There are battery opperated ones or ones with a power cord.

Some have a heater built in to keep the food dry.

The size of the food holder.

You can buy a digital one or an automatic. The digital one lets you decide how often you want to feed. Some of the automatic ones feed every 12 hours from the minute you put the batteries in and that it.

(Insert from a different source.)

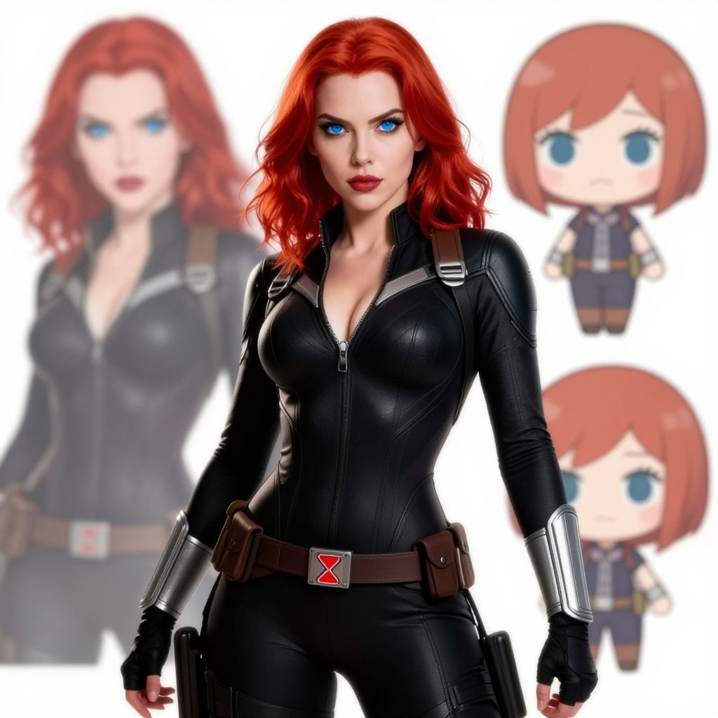 Digital anime-style illustration of a female character inspired by Black Widow from Marvel. The character has vivid red hair, striking blue eyes, and is dressed in a sleek black bodysuit with a utility belt featuring a red hourglass symbol. The artwork emphasizes the character's confident pose and detailed facial features, combining both realistic and chibi stylized versions in the background.

I have this one. It was the only one I could find to fit my open top. Its basic and does the job on my 25g 
Nutrimatic 2X Automatic Fish Food Feeder

I have this one for my 120g African tank. It was expensive but it was the only one I could find with a large cup for food. It has a heater and a power cord. Not battery opperated. Im somewhat happy with it. It does the job
Rena LG100 Digital Automatic Fish Feeder | automatic fish feeder

Here are the ones J&L carry. I bought both mine from them. King Eds pets also carries a few other brands. Search Results

Hope that helps!


----------



## 2wheelsx2 (Apr 21, 2010)

This is a great feeder. I don't use them since I don't have setups that work well with this but a friend of mine has several of these and the aeration features keeps the food dry. It's within your budget too.

Eheim Automatic Feeder


----------